К весне 1931 года идея использования заключенных для колонизации Печорского края вошла в повестку Политбюро. 20 марта 1931 года Сталин приказал Высшему совету народного хозяйства изучить идею добычи угля в Печорском бассейне44. Вслед за тем 15 апреля Политбюро приняло резолюцию: начать в этом году систематическую добычу угля под руководством Северного краевого комитета ВПК(б) и ОГПУ45. Эта резолюция Политбюро представляет собой главный водораздел в истории Воркуты. Теперь государство должно было выделить значительные ресурсы для основания постоянного поселения на берегах реки Воркуты, чтобы добывать тамошний уголь. Тот факт, что руководство этим колонизационным проектом и ответственность за него были возложены на ОГПУ, оказал решающее влияние на будущее этого нового аванпоста. Он означал, что большинство «колонистов», которым предстояло заселить этот регион, будут заключенными и ссыльными. Таким образом, эта резолюция не только послужила катализатором основания будущего моногорода Воркуты, но и привела к созданию одного из самых печально известных лагерей советского ГУЛАГа.

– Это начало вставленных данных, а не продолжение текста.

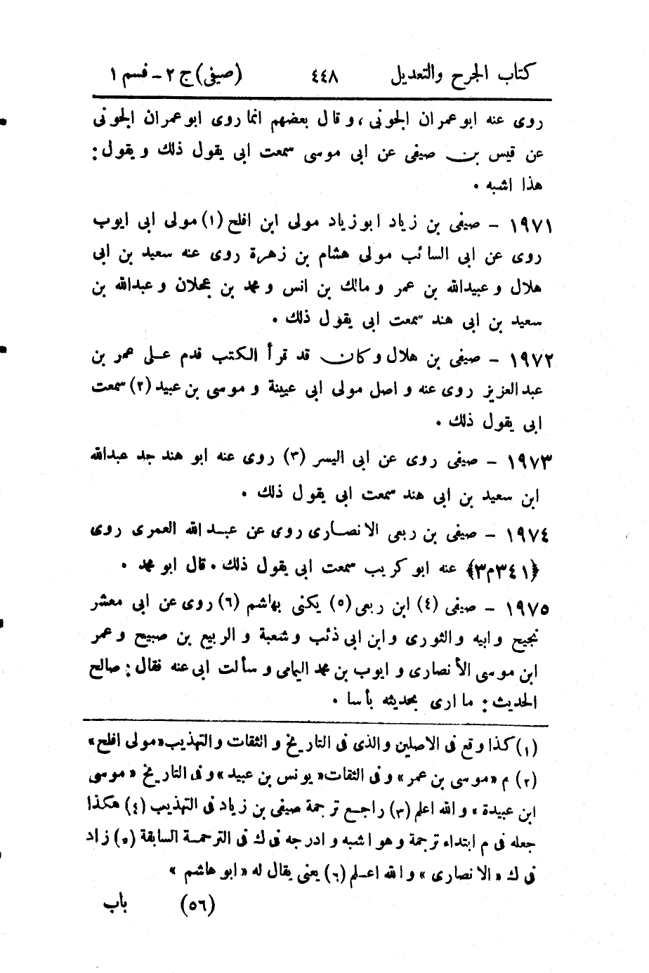1972 - صيفى بن هلال وكان قد قرأ الكتب قدم على عمر بن عبد العزيز روى عنه واصل مولى أبي عيينة وموسى بن عبيد (2) سمعت أبي يقول ذلك.
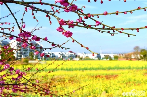 江西省贛州市興國縣埠頭鄉(xiāng),百畝油菜花競相綻放,吸引游客前來賞花游玩。
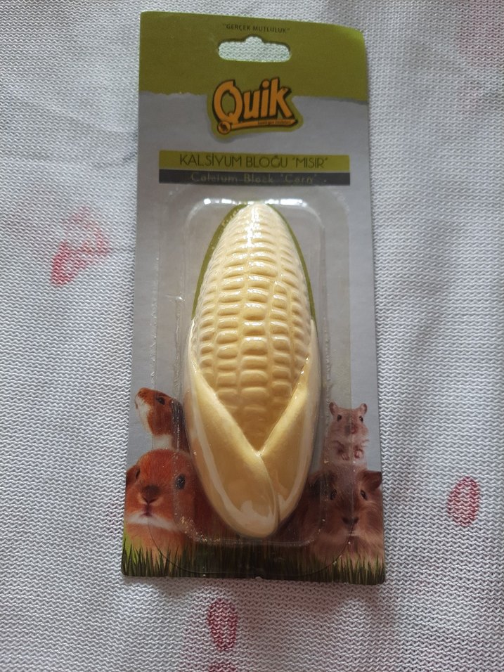 Quik markasına ait küçük evcil hayvanlar için mısır şeklinde kalsiyum bloğu.
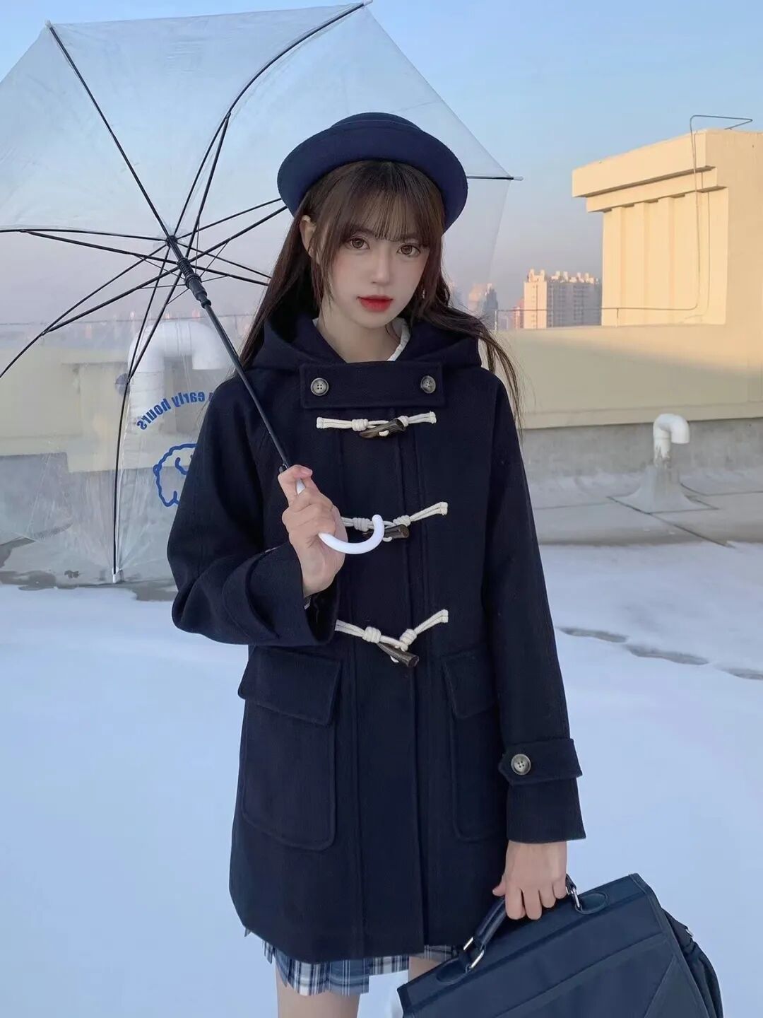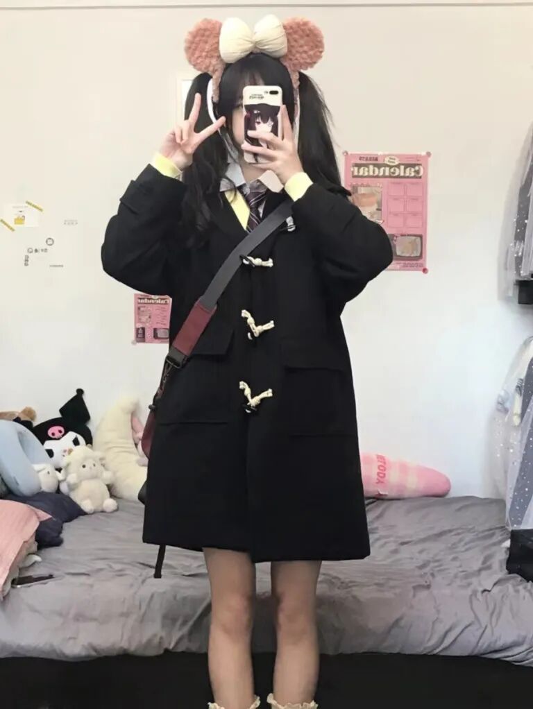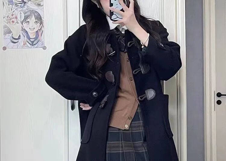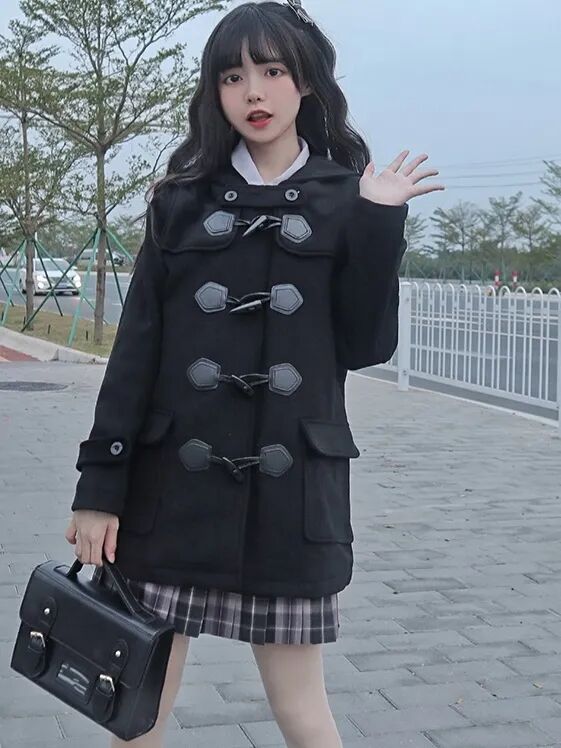 牛角扣大衣,最大的特点就是衣襟处增加了“牛角扣”的装饰,也因为这样一个设计,才让原本单调的大衣瞬间提升了时髦度。
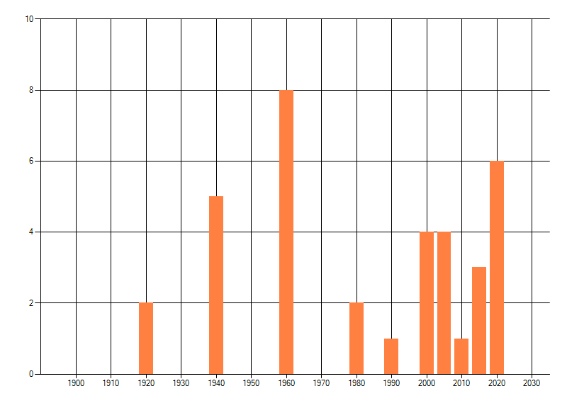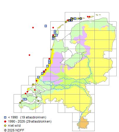 Het aantal atlasblokken (5x5 km) waarin de soort is gemeld binnen een periode van vijf jaar (vanaf 1980) of twintig jaar. Niet gecorrigeerd voor waarnemersinspanning en het aantal doorgegeven waarnemingen kan sterk variëren per periode, dus een trend in verspreiding kan hier niet direct uit worden afgelezen. Het opgegeven jaartal is het eerste jaar van de periode. Bron: gevalideerde waarnemingen uit de NDFF.
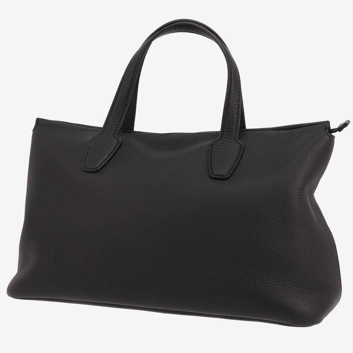 - Forro interior de cuero negro, un bolsillo con cremallera.
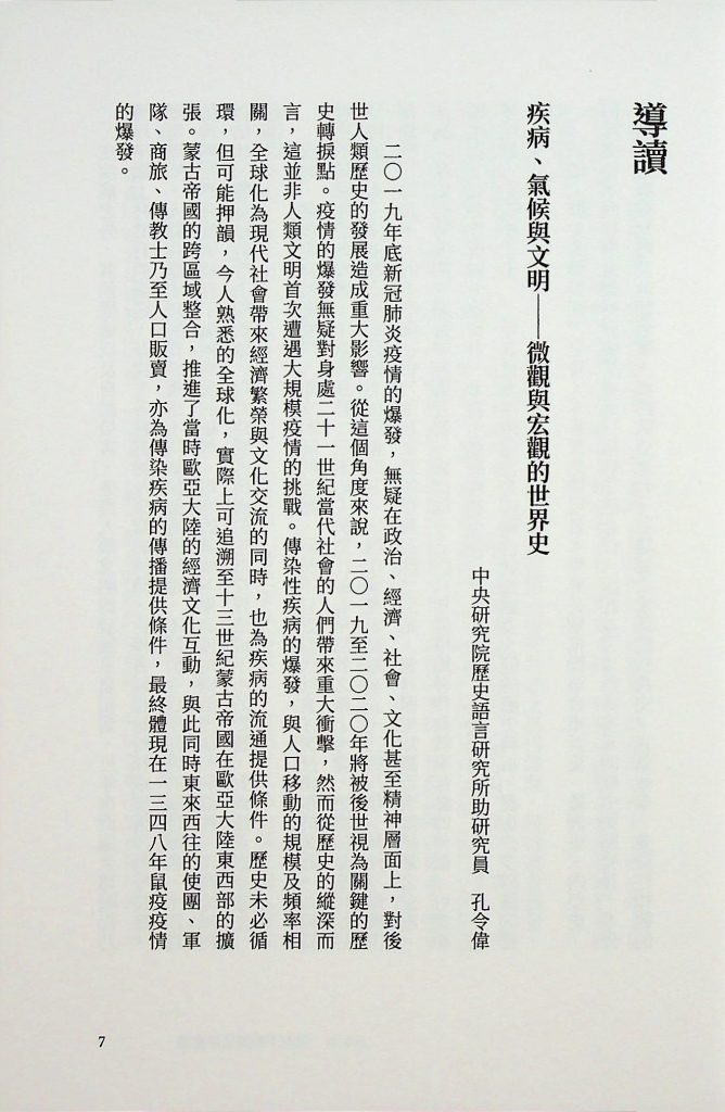 孔令偉,2024年,〈疾病、氣候與文明——微觀與宏觀的世界史〉導讀,收入長谷部史彥等著,陳嫻若譯,《歷史的轉換期5:1348年.氣候不順與生存危機》(新北:臺灣商務印書館),頁7–10。

Тем летом из Чибью (Ухты) прибыли первые 39 заключенных из Ухтинской экспедиции. Тяжелейший путь по реке и суше занял несколько недель46. Заключенные и материальные ресурсы шли постоянным потоком в течение всего короткого лета, так что к ноябрю прибыло уже 2009 заключенных47. Геологическая разведка, научное изучение и закладка шахты интенсивно велись в течение всего короткого арктического лета48. Продолжалось строительство постоянного поселения на берегах реки Воркуты, хотя его сильно тормозила нехватка строительных материалов, которые приходилось везти издалека. К сентябрю, когда закончился первый летний сезон, заключенные построили хлебопекарню, баню-прачечную и склад49. Они также начали строить кирпичную фабрику. На бумаге новая колония на берегах Воркуты теперь имела значительное количество заключенных, официальное географическое обозначение «Усинское отделение Ухтинской экспедиции» и административный центр под названием Рýдник. Но на практике колонисты были теперь полностью отрезаны от советского «материка» и боролись за выживание, и этой борьбе было суждено унести тысячи жизней

В свою первую зиму Воркута погрузилась в кризис, который так и продолжался почти до конца десятилетия. Материалов для строительства бараков или любых других постоянных убежищ не было, поэтому заключенные зимовали в землянках, которые отрыли в крутых речных берегах и покрыли дерном. Эта зима была особенно холодной: температура регулярно опускалась ниже −50° C. Продуктов хватило только до апреля50. В советских архивах, кажется, не сохранилось никаких официальных данных о смертности, но, без сомнения, сотни заключенных умерли в ту первую зиму от болезней, холода и голода. Здесь, на географической окраине обширной территории Советского Союза, зияющая пропасть между утопическими планами советских руководителей и реальными возможностями государства по исполнению этих планов стала очевидной и повлекла трагические последствия51.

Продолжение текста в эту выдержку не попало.